Random mutational fuzz testing (fuzzing) and symbolic executions are program testing
techniques that have been gaining popularity in the security research community. Fuzzing
finds bugs in a target program by natively executing it with random inputs while monitoring
the execution for abnormal behaviors such as crashes. While fuzzing may have a reputation
of being able to explore deep into a program’s state space efficiently, naive fuzzers usually
have limited code coverage for typical programs since unconstrained random inputs are
unlikely to drive the execution down many different paths. In contrast, symbolic execution
tests a program by treating the program’s input as symbols and interpreting the program
over such symbolic inputs.
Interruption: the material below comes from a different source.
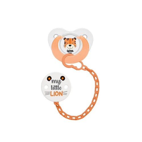 La sucette Wee Baby, accompagnée de sa chaîne pour les bébés de 6 à 18 mois, nécessite une vérification de l’embout avant chaque utilisation. Assurez-vous qu’il n’y ait aucune déformation avant de la donner au bébé.

Although in theory symbolic execution is guaranteed to be effective
in achieving code coverage if we explore all possible paths, this generally requires exponential
resource and is thus not practical for many real-world programs.
This thesis presents our attempt to attain the best of both worlds by combining fuzzing with symbolic execution in a novel manner. Our technique, called hybrid fuzzing, first uses symbolic execution to discover frontier nodes that represent unique paths in the program. After collecting as many frontier nodes as possible under a user-specifiable resource constraint, it transits to fuzz the program with preconditioned random inputs, which are provably random inputs that respect the path predicate leading to each frontier node. Our current implementation supports programs with linear path predicates and can automatically generate preconditioned random inputs from a polytope model of the input space extracted from binaries. These preconditioned random inputs can then be used with any fuzzer. Experiments show that our implementation is efficient in both time and space, and the inputs generated by it are able to gain extra breath and depth over previous approaches.